An die für gehobene Ansprüche errichteten Mietwohnobjekte mit Vorgärten an der Stammheimer Straße nördlich des Riehler Gürtels schließen sich die durch Gartengrün und Baumbestand aufgelockerten, aufwendigen, zumeist zweigeschossigen und stilistisch einheitlichen Wohnbauten Mathias-Schleiden-, Theodor-Schwann-, Johannes-Müller-Straße und Am Botanischen Garten/Riehler Gürtel an, die jeweils - wie auch die Nrn. 133-139 - als Gruppenbauten kleinere Baueinheiten bilden. Das Wohnviertel weist die besonderen Vorzüge der Nähe zu Flora, Botanischem- und Zoologischem Garten und zum Citybereich auf. Die unmittelbare Umgebung prägen die Siedlungsbauten Ecke Riehler Gürtel/Esenbeckstraße in expressionistischen Formen der Zwischenkriegszeit und die Eckbereichsbebauung zur Amsterdamer Straße.

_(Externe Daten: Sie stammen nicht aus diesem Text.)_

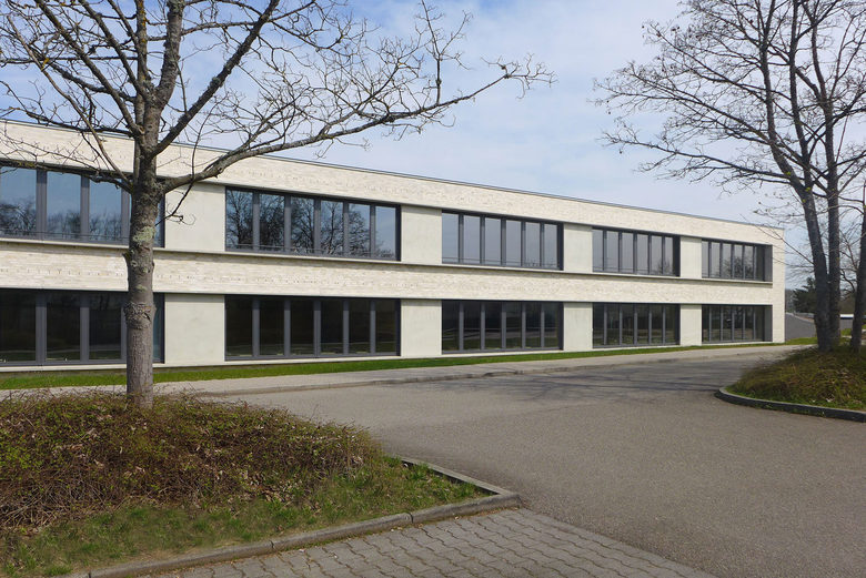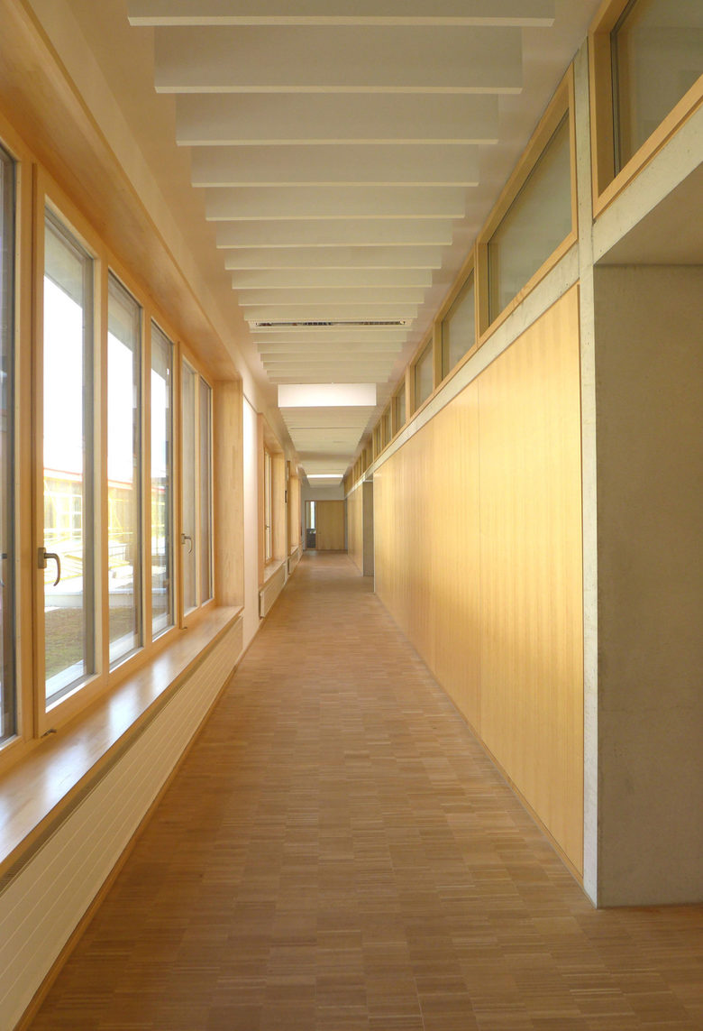 Erweiterung des Kreisberufschulzentrums um 12 Klassenzimmer als zweigeschossiger Stahlbetonanbau mit Klinker- und Sichtbetonvorsatzschale.

Das Bauensemble zeigt charakteristische Merkmale von Doppelvillen mit Anklängen an expressionistische Siedlungsbauten in Backstein. Das Gebäude 139 ist ein markantes Beispiel für die hohen Ansprüche genügende Baukultur repräsentativer Reihenbauten im dritten Jahrzehnt unseres Jahrhunderts. Es wurde in Einheit mit den Nachbargebäuden (133-137) errichtet; alle vier Häuser weisen eine gleichförmige, symmetrische Behandlung der Fassaden mit Betonung der risalitartigen Außenachsen, der Eingangsbereiche und der aufwendigen Gestaltung mit verbindender Pergola in Backstein auf. Die künstlerische Gestaltung weist individuelle Gestaltungsdetails einer traditionellen Moderne und einer malerisch bewegten Architektursprache mit zeittypischen Baumerkmalen in expressionistischen Formen auf (Verbindung von Plastik, Tuffstein und Reliefs). Die optisch in der Horizontalen betonten Gebäude zeigen dekorative und repräsentative Formen (Vielfalt der Fensterformen), die gestaltbildend ineinandergreifen und sich dem Vorrang der Architektur in der Gestaltung unterordnen (Schmuckformen: einheitliche Komposition der beiden Doppelvillen, Sockelbereich mit horizontalem Backsteinbändern, Brüstungsbereich im Erdgeschoß mit Horizontalprofilen in rheinischem Tuffstein). Die Dachlandschaft faßt die einheitlich behandelten Fassaden zusammen. Wesentlicher Bestandteil des ursprünglichen Erscheinungsbilds ist der eingefriedete große Vorgarten und der rückwärtige Gartenbereich. Die Gesamtanlage fügt sich harmonisch in die gehobene Wohnhausarchitektur des Straßenzuges, dessen reich dekorierte Baukörper mit Risaliten, Erkern, Balkonen und Ziergiebeln in historisierenden und zeitgemäß modernen Formen und Varianten des Jugendstils dem Wohnviertel sein charakteristisches Gepräge geben. Aufgrund der weitgehenden Erhaltung des Originalzustands, des Treppenhauses, Teilen der Interieurs und der Fassaden (mit dekorativ gestaltetem Traufgesims und Einschluß eines Keilsteins), die individuell gestaltete und zeitgemäß moderne architektonische Formen zeigen, ist das Gebäude für das Erscheinungsbild der Xantener Straße und als Dokument des Sozialstatus der bürgerlichen Bauherrenschaft im dritten Jahrzehnts des 20. Jahrhunderts von hoher Bedeutung. Das Wohnhaus Xantener Straße 139 ist als zeittypisches Dokument gebauter Architektur ein unverzichtbarer Bestandteil der Kölner Baukunst.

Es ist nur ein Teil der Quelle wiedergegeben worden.